If you create a column as Varchar2 (50) but only store 10 bytes, then Oracle will only save 10 bytes to disk. This does not mean that you should just create Varchar2 (4000) columns 'just in case the space is needed', that is a really bad idea which will reduce the performance and maintainability of your application.
CHAR:
Over time, when varchar2 columns are updated they will sometimes create chained rows, CHAR columns are fixed width they are not affected by this, so less DBA effort is required to maintain performance.
PL/SQL
When retrieving data for a NUMBER column, consider using the PL/SQL datatype: PLS_INTEGER for better performance.
LONG
Use BLOB instead of LONG
INTEGER
This ANSI datatype will be accepted by Oracle - it is actually a synonym for NUMBER(38)
The FLOAT datatype
This ANSI datatype will be accepted by Oracle - Very similar to NUMBER it stores zero, positive, and negative floating-point numbers
The NUMBER datatype
Stores zero, positive, and negative numbers, fixed or floating-point numbers
Fixed-point NUMBER
NUMBER(p,s)
precision p = length of the number in digits
scale s = places after the decimal point, or (for negative scale values) significant places before the decimal point.Integer NUMBER
NUMBER(p)
This is a fixed-point number with precision p and scale 0. Equivalent to NUMBER(p,0)
Floating-Point NUMBER
NUMBER
floating-point number with decimal precision 38
Oracle stores all numeric data in variable length format - storage space is therefore dependent on the length of all the individual values stored in the table. Precision and scale settings do not affect storage requirements. SCALE might appear to be truncating data, but Oracle does still store the entire number as typed.
PRECISION can be used to constrain input values.
If a column is defined like CREATE TABLE demo ( empid number(4) ); then an attempt to insert a 5 digit number 10045 will fail.

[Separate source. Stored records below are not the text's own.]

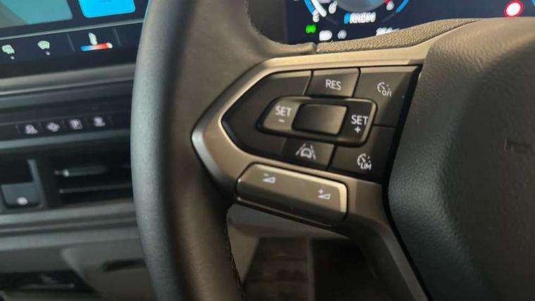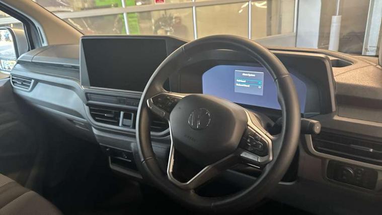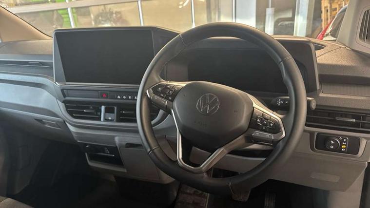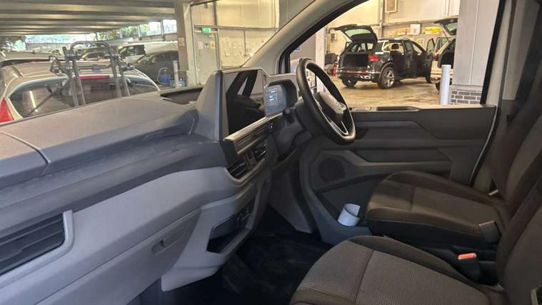 12" digital drivers display, 13" touchscreen infotainment display with wireless app connect and DAB radio, 5G Modem, Apple CarPlay and Android Auto, Cruise control, Dynamic road sign display, eCall emergency system, Electromechanical speed sensitive power steering, height and longitudinally adjustable steering column, Lane assist, Preparation of VW connect and connect plus, Wrong way driver warning, 4 speakers - 2x dashboard, 2x cab doors, Body coloured door handles, Heat reflecting side window glass, Mud flaps front and rear, Rear Transporter nameplate in black grained decorative trim, Vehicle opening configuration 1x 1st row of seats, 2x all doors, 2x 15-W USB data/charging ports in dashboard and 1x USB-C, 1x USB-A center bottom, 2x LED lights in load compartment, 3 spoke leather wrapped multi function steering wheel, 4 way height and tilt adjustable head restraints, Black plastic scuff plate for sliding door in cargo without illumination, Cabin interior lighting, Gear selector lever on steering wheel, Lashing rings for reinforced floor covering, Narrow centre console with cup holder and compartment for mobile phone, Overhead storage compartment, Roof grab handle on front passenger side, Rubber floor covering in cab, Striped fabric upholstery, Without passenger seats in load compartment, Driver and front passenger airbag with front passenger airbag deactivation, Dual tone horn, Front and curtain airbags for driver and front passenger, Seat belt pretensioner for driver seat, Anti theft alarm system with interior monitoring in cab, backup horn and towing protection, Electronic immobiliser, Preparation for alcohol ignition interlock, 5+ Promise, Alternator - 230A, Electronic stability control, ABS, ASR with deactivation button, hill start assist and brake assist system,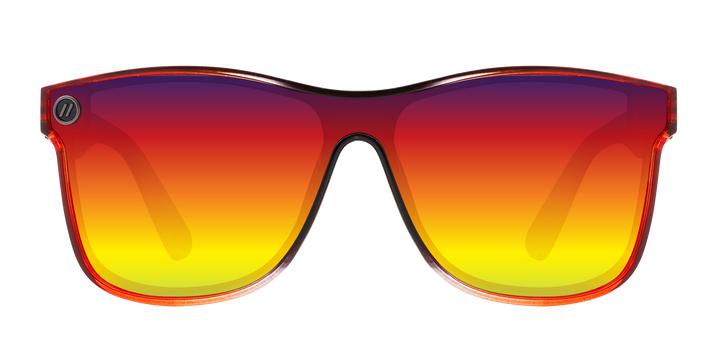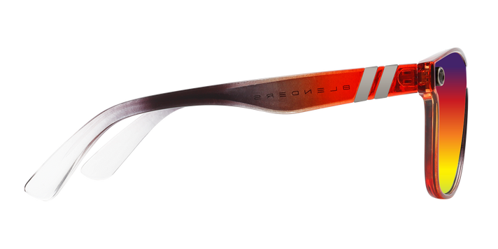 There’s no better way to get fired up and in Forward Motion than with 'Phoenix Fire.' These single lens sunglasses sport a sunset rainbow lens for jaw-dropping effect. The multi-fade frame and temples are a revelation, flowing from red to black to crystal clear at the temple tips. And because Blendz loves ya, we even tossed in polarised power! //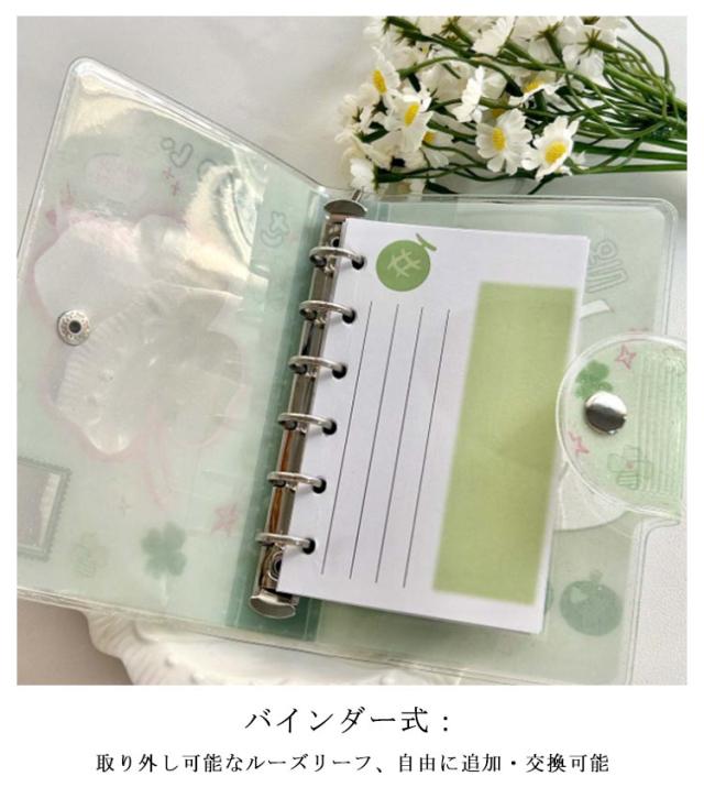 | 帳 バインダー セット内容:カバー+アクリルチャーム+40枚リフィル+ステッカー6枚 バインダー式:取り外し可能なルーズリーフ、自由に追加・交換可能 携帯便利:A7サイズでカバンに入れて持ち歩きやすい 多用途:日記、手帳、メモ帳、ステッカーコレクションに最適 | |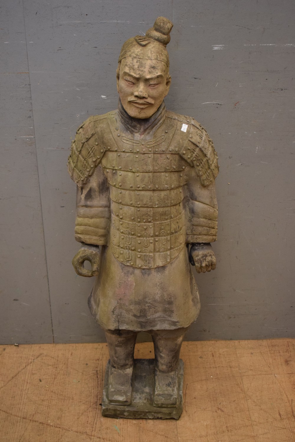 A SUBSTANTIAL CONCRETE GARDEN STATUE (A/F) ( 112H CM) (PLEASE NOTE THIS HEAVY ITEM MUST BE REMOVED BY CARRIERS AT THE CUSTOMER'S EXPENSE. LEONARD JOEL STAFF CANNOT ASSIST CARRYING THIS ITEM) (X-LARGE ITEM)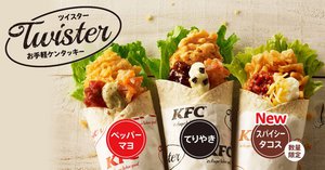 ケンタッキーの定番メニュー「ツイスター」の通常ラインナップ「ペッパーマヨ」「てりやき」に加え、数量限定メニューとして「スパイシータコス」が登場する。

If you need to constrain values to a specific range of numbers (e.g. <85 rather than the round number <100), then add a column constraint .
Note that the Units of measure for PRECISION are different if the datatype is FLOAT:
For NUMBER data types: precision p = Number of Digits
For FLOAT data types: precision p = Binary Precision (multiply by 0.30103 to convert)
So FLOAT = FLOAT (126) = 126 x 0.30103 = approx 37.9 digits of precision.In theory it is possible to save storage space by having an application truncate a fractional value before inserting into a table, but you would have to be very sure the business logic made sense. This would have to be done at the application level.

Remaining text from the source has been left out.